Herkese karşı göstermiş olduğum açık sözlülüğümü, kendime karşı uygulamamayı isterdim; çünkü gerçekleri her bir mutlu andan sonra yüzüme yüzüme vuruyorum. Yengeç burcu kendine işkence eder, derler tabiri caizse; o misal, böyle mutlu olduğum zamanlarda bile mutsuzluğumu görüyorum. Bu azla yetinmemek değil, yanlış anlaşılmasın. Bu insanın kendini kandırmasının en açık şeklidir, en masum ve bir o kadar da can yakıcı bir gerçektir...
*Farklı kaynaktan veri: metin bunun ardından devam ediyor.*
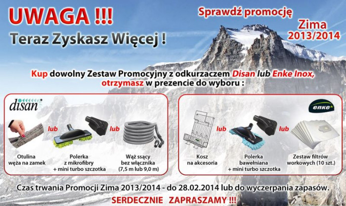 Przy zakupie odkurzacza Disan lub Enke INOX z zestawem akcesoriów wybierz jeden z prezentów!
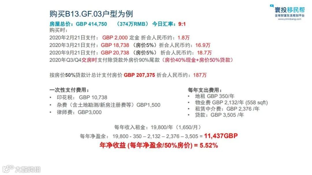 比如2月21日支付2000英镑定金,再过一个月3月21日之前,支付5%的房价减去定金,就是18,738英磅,人民币在17万是非常便宜的。过半年后的9月21日,需支付20,738英镑,人民币19万元。在今年年末交房的时候,要支付90%的尾款。购买这套房产,按房价50%贷款计算需要支付总房款一半,人 民币 是187万。
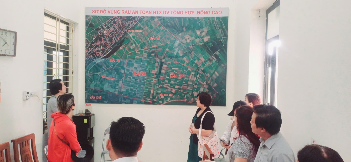 Sau khi làm việc tại trụ sở Hợp tác xã, đoàn đã tới thăm khu trồng rau, trực tiếp chứng kiến việc trồng rau cũng như lắng nghe chia sẻ của bà con nông dân - những người trực tiếp làm ra sản phẩm.
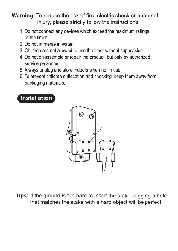 Align four tabs on stake with four holes on back of timer. Push
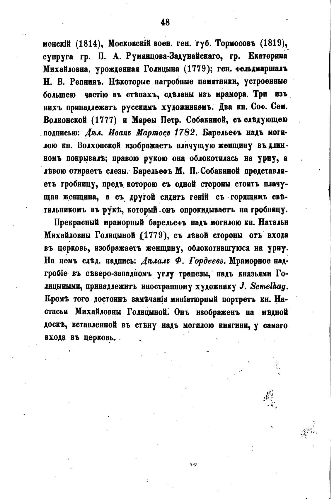 МихаИдовны Голицыной (1779), съ Пвой еторовы отъ входа
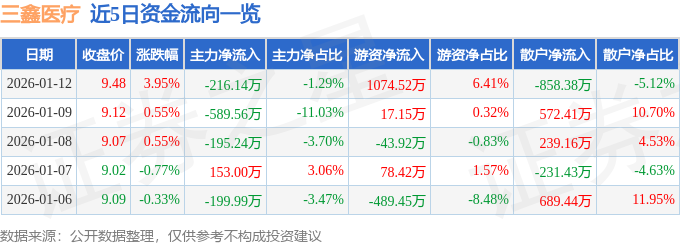 证券之星消息,截至2026年1月12日收盘,三鑫医疗(300453)报收于9.48元,上涨3.95%,换手率4.96%,成交量17.84万手,成交额1.68亿元。
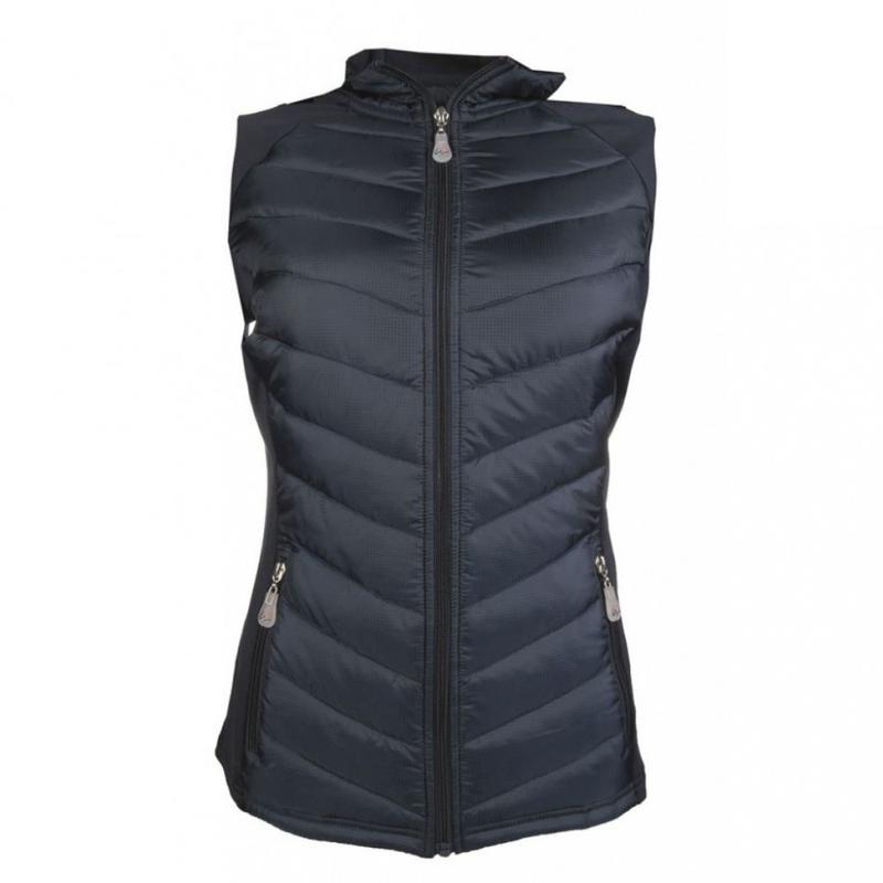 Bezrękawnik firmy HKM. Posiada lekkie ocieplonie na przódzie i tyle, a boki wykonane ma z elastycznego materiału. Taliowany krój idealnie podkreśla figurę. Wyposażony w zamek błyskawiczny, dwie kieszonki po bokach zapinane na zamek oraz podwyższony krój kołnierzyka.
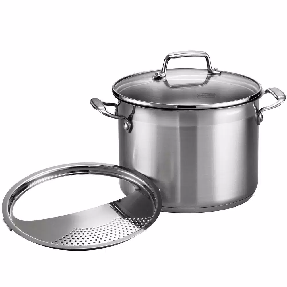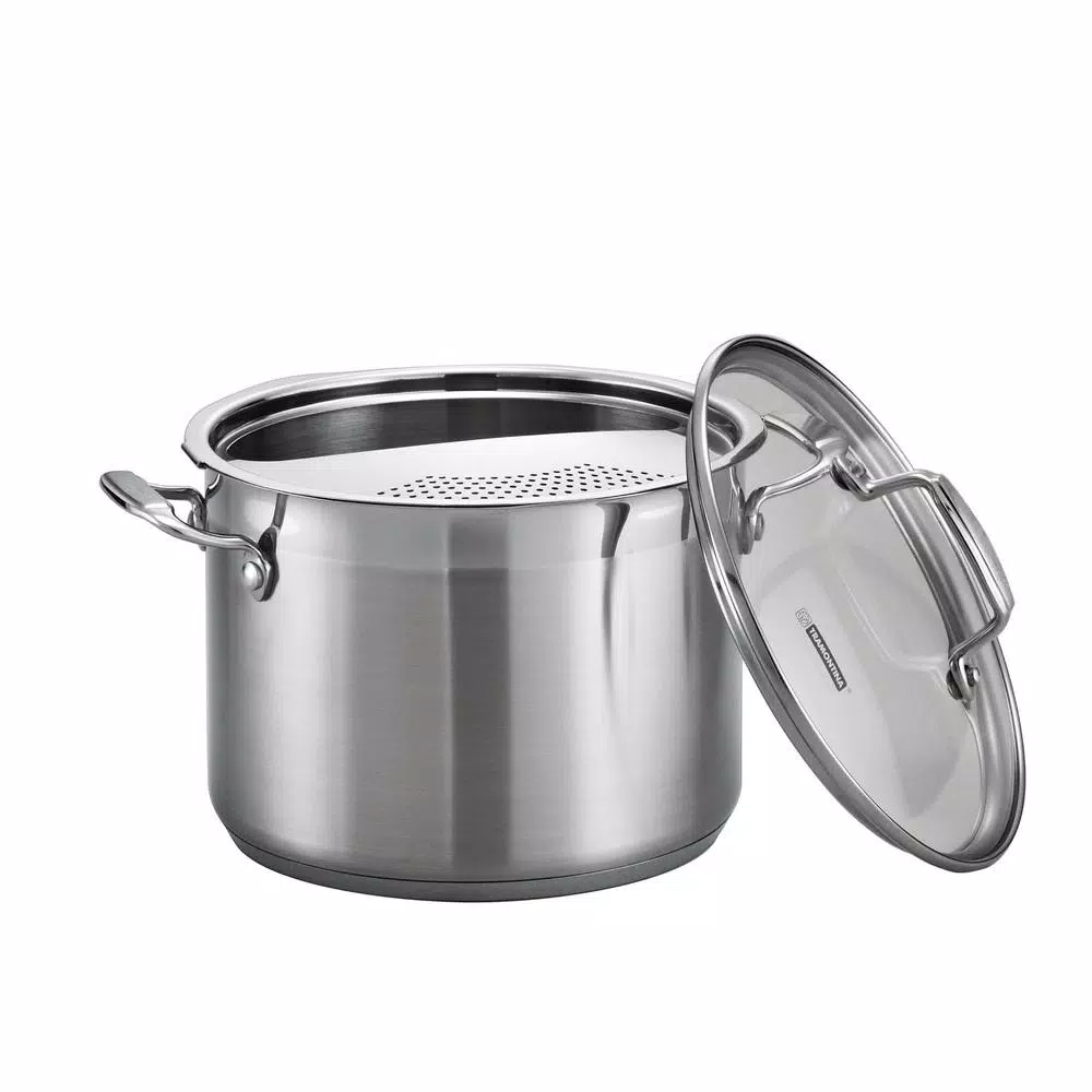 Take the clumsy awkwardness out of draining hot pasta. Tramontinaβs Gourmet 18/10 stainless steel 3 Pc 6 Qt Pasta Cooker makes draining large quantities of pasta, steamed veggies, even seafood and stocks, a breeze. The set includes: one 6 Qt pasta cooker; one tempered glass lid, and one locking strainer, each constructed in a magnetic three-ply base compatible with all cooktops, including induction and ceramic glass. Double-riveted, stainless steel handles stay cool and offer a comfortable grip. The set is dishwasher-safe, and oven-safe up to 500Β°F (260Β°C) without the glass lid and up to 350Β°F (176Β°C) with the lid. An excellent investment for professional chefs and cooking enthusiasts!
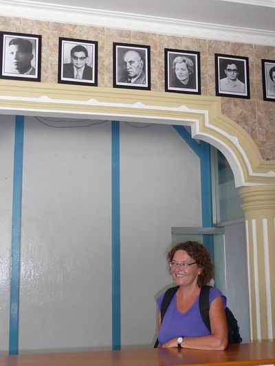 Annette steht unter der Fotogalerie der Deutschen Ärzte. Direkt über ihr prangt das Portrait ihres Großvaters Dr.med. Wilhelm Wagner. Wir wurden durch alle Abteilungen des Krankenhauses geführt und über alle Besonderheiten, Errungenschaften und Leistungen des Krankenhauses informiert. Danke, das war wirklich beeindruckend!
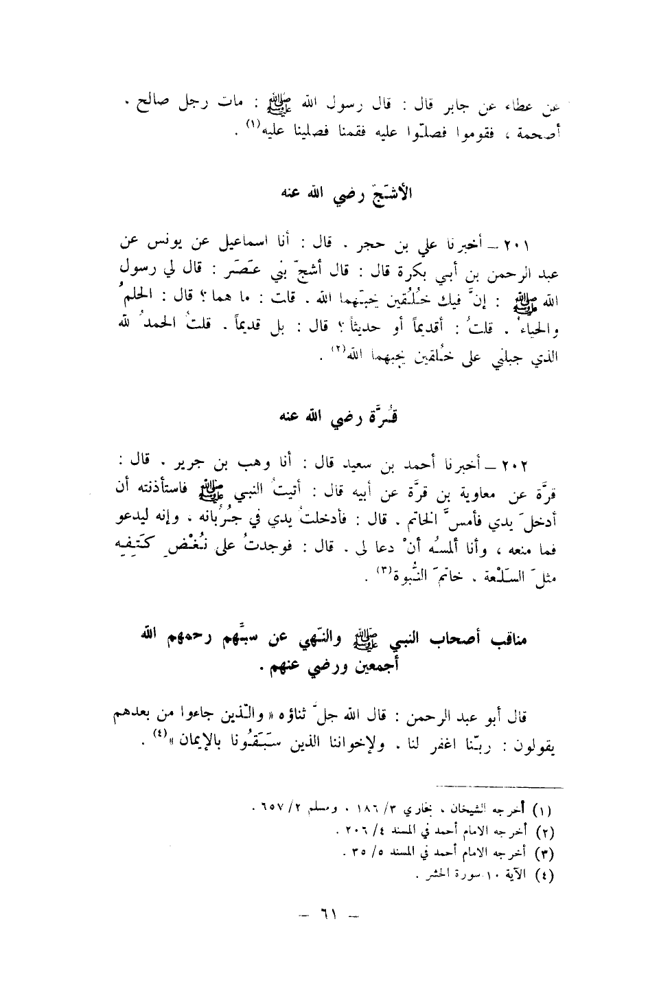 201 - أخبرنَا عَليّ بن حجر قَالَ أَنا إِسْمَاعِيل عَن يُونُس عَن عبد الرَّحْمَن بن أبي بكرَة قَالَ قَالَ أشج بني عصر قَالَ لي رَسُول الله صلى الله عَلَيْهِ وَسلم إِن فِيك خلقين يحبهما الله قلت مَا هما قَالَ الْحلم وَالْحيَاء قلت أقديما أَو حَدِيثا قَالَ بل قَدِيما قلت الْحَمد لله الَّذِي جبلني على خلقين يحبهما الله
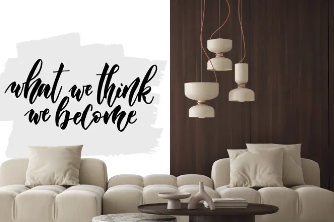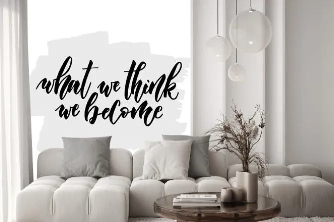 Naklejka: Motywacyjny cytat „czego myślimy, stajemy się”. wykonane pędzelkiem.
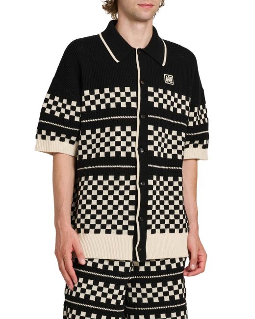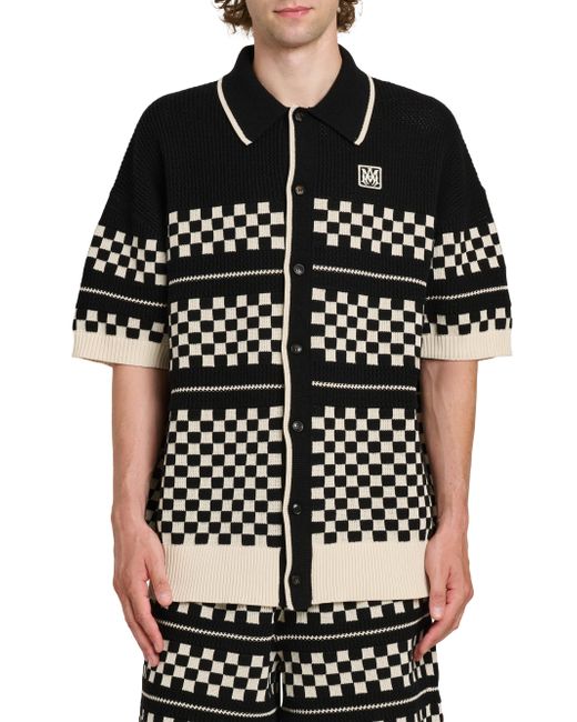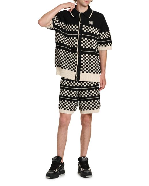 Knit from wool, this button-front shirt from Amiri features a checkered design. Spread collar Short sleeves Rib-knit trim Button-front closure 100% wool Dry clean Made in Italy SIZE & FIT Model measurements: 6'2" tall, 40" chest, 31" waist Model is wearing a US size Medium ABOUT THE BRAND Designer and California native Mike Amiri got his start making handcrafted pieces for rockstars to wear on stage. He brings the same L.A. rocker aesthetic to his eponymous label, which is known for its deconstructed jeans, leather jackets and broken-in flannels. Men Advcd Dsgnr - Advanced Designer Collec > Amiri > Saks Fifth Avenue. Amiri. Color: Black. Size: XXXL.
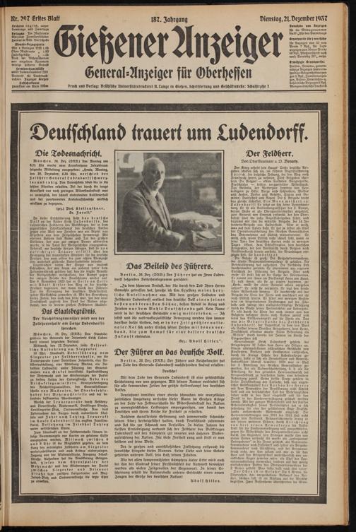 Mit dem Tode des Generals Ludendorff ist eine geschichtliche Erscheinung von uns gegangen. Mit feinem Kamen verbindet sich für alle kommenden Zeiten der größte Heldenkampf des deutschen Volkes.
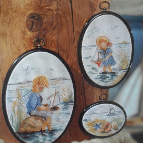 Fint broderet billede måler 45 x 35 cm. incl. ramme.
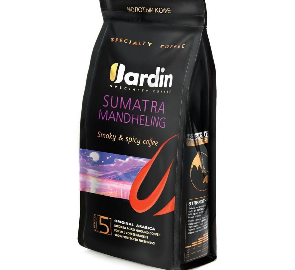 Молотый зерновой кофейный напиток сильной степени обжарки состоит из 100% арабики, выращенной в солнечной Суматре. В аромате имеются нотки шафрана и темного шоколада, а также сухого табачного листа, послевкусие сладкое и имеется слабо выраженная кислинка. Такой кофе можно готовить как в турке, так и в кофеварке, но не рекомендуется употреблять людям с сердечными заболеваниями, так как он является достаточно крепким, можно разбавить его молоком или сливками.
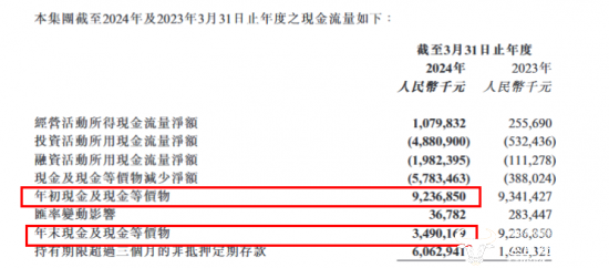 然而,引人注意的是,财报显示,截至2024年3月31日至年度,阿里健康年初现金及现金等价物约92.37亿元,年末现金及现金等价物约34.90亿元,怎么还减少了57.47亿呢?
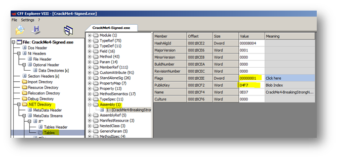 The trick is to change the value of the Flags field by changing COMIMAGE_FLAGS_STRONGNAMESIGNED from 0000000B to 00000003, and changing the StrongNameSignature Size and StrongNameSignature RVA to 0. But this is not everything. Keep on analyzing the target using CFF Explorer by clicking on Metadata Streams -> Tables -> Assembly:
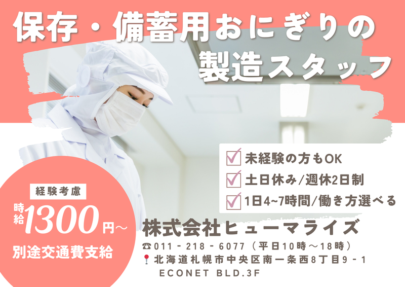 ㈱ヒューマライズ(小樽市銭函/OT103) の求人詳細

Mutsuzum... Yeri geldi bulunduğum noktada çok başarılı oldum, yeri geldi en pahalı eşyalara sahip oldum; kimi zaman da herkesin imrendiği noktada oldum... Bu tip şeylerle mutlu olmak benim doğamda yok zaten. Ve anlık tebessüme, bir de hayatımı kolaylaştırmak dışında başka bir işe yaramadılar... Sahip olanlar anlayamaz demek istediğimi; çünkü farkedemezler mutsuzluklarını... Sahip olmayanlar da "şükret haline" der, sanki şükretmediğimi sanar gibi... Anlaşılmaz ya da çözülemez değilim ben. Gayet açık biriyim. Bana baksanız, sanki düşüncelerimi dış görünüşümden okur gibi hissedersiniz. İçi dışı bir biri, o misal belki. En azından hakkımda böyle düşünüyorum. Ama... Anlayamadı kimse... Anlaşılamadım bir türlü. Artık derdim, sevmek sevilmek değil; anlaşılmak!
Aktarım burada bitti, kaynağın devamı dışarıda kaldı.